WASHINGTON, DC, September 3, 2004 (ENS) - Today marks the 40th anniversary
of a major milestone in the protection of the nation's wild and special
places, the signing of the Wilderness Act. 

On September 3, 1964 President Lyndon Johnson signed the landmark
conservation law, which protects areas "where the earth and its community
of life are untrammeled by man, where man himself is a visitor who does
not remain." 

The pressures that prompted federal lawmakers to adopt the act were noted
in the law's statement of policy: 

"In order to assure that an increasing population, accompanied by
expanding settlement and growing mechanization, does not occupy and modify
all areas within the United States and its possessions, leaving no lands
designated for preservation and protection in their natural condition, it
is hereby declared to be the policy of the Congress to secure for the
American people of present and future generations the benefits of an
enduring resource of wilderness." 

The original act set aside 54 wilderness areas - covering 9.1 million
acres - of federal land in 13 states through the creation of the National
Wilderness Preservation System. It also created a national mandate to
identify additional areas within national forests, parks and wildlife
refuges for protection. In 1976 the Federal Land Policy and Management Act
extended the mandate to lands managed by the U.S. Bureau of Land
Management (BLM). 

Today the nation has 662 federal wilderness areas, covering some 106
million acres across 44 states. 

The protected areas total 4.7 percent of the United States, with more than
half this total in Alaska. 

Many of these areas provide a wide variety of recreational opportunities
such as hunting, fishing, hiking, climbing, camping and kayaking. 
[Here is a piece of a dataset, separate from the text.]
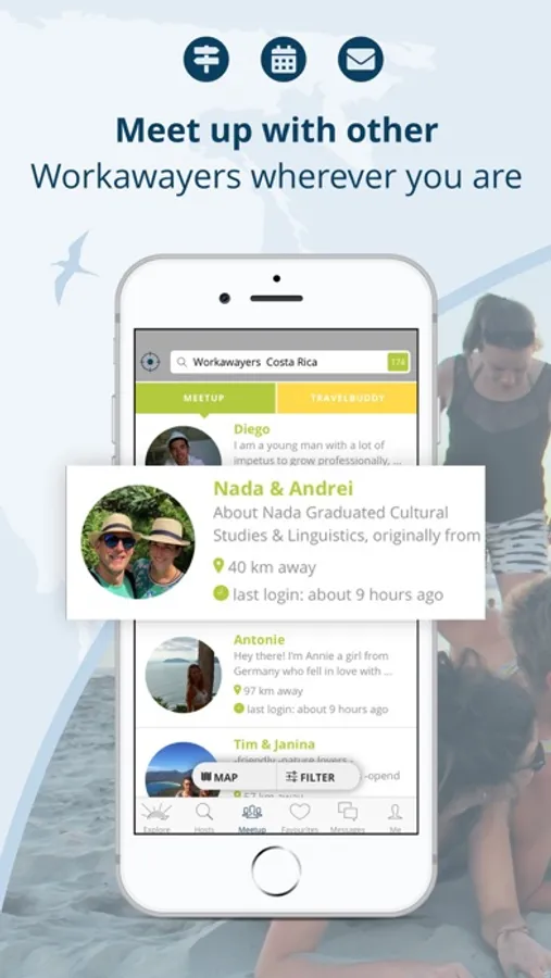 App for verified travellers only (host app is coming soon!) Meet like minded travellers along the way, and find a travel buddy to plan your new adventures with. Join our unique travel community and share amazing stories and ideas!

"The world had never seen legislation like it: a deliberate and visionary
effort to protect from development vast areas of wild places, and to
preserve them for the enjoyment of all Americans of every generation,"
Meadows said. 

The act did not have an easy path into existence - the first version of
the law was introduced in 1957 by Senator Hubert Humphrey, a Minnesota
Democrat, and Representative John Saylor, a Pennsylvania Republican. 
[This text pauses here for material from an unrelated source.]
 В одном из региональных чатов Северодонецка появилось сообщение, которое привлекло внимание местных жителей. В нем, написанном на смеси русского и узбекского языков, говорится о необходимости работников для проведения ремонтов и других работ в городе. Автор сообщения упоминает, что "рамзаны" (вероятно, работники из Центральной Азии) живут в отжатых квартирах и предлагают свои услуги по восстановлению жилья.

The concept of enacting a law to protect federal wilderness was met with
deep skepticism and even drew opposition from the National Park Service. 
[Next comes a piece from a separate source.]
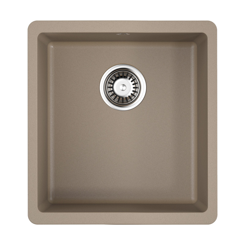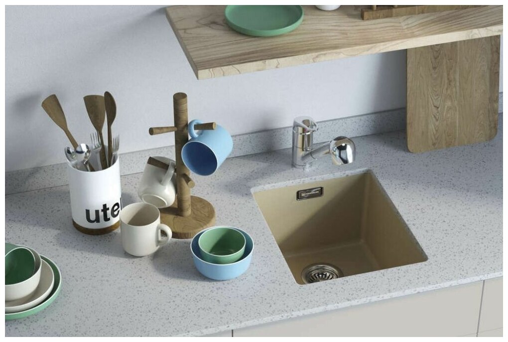 - Кухонная мойка изготовлена из матриала «Artgranit», технология производства которого заключается в том, что частицы кварца, гранита и прочного связующего полимера нового поколения, свойства которого похожи на акриловую смолу, соединяют вместе и помещают в форму. После застывания получается готовая мойка;

But after eight years - and more than 60 rewrites - the Wilderness Act
overwhelmingly passed both the Senate and the House and was sent to the
White House. 

At the time the act was being debated in the Congress there were
"bulldozers and cement mixers ready to go to work," said former Maryland
Republican Senator Charles McC Mathis, who helped steer the bill through
Congress. 

"If the act had not passed they would have gone to work and we would have
lost that which could not have been repaired," Mathis said. "This is a
bipartisan effort that has succeeded - it is unique in its history and
achievement." 

The 40th commemoration of the Wilderness Act comes amid concern by
conservationists that the bipartisan spirit that permitted enactment of
the law has dissipated under the Bush administration. 

"Our nation's wild lands are at a crossroads," Meadows said. "Despite a
long tradition of strong bipartisan support for increased wilderness
protection, the current administration appears determined to move in the
opposite direction." 

Critics note the administration has allowed the sale of oil and gas leases
on scores of public sites with wilderness quality lands and contend a
settlement between the Bureau of Land Management (BLM) and the state of
Utah brokered by Interior Department Secretary Gale Norton in effect bars
that agency from identifying lands for wilderness potential. 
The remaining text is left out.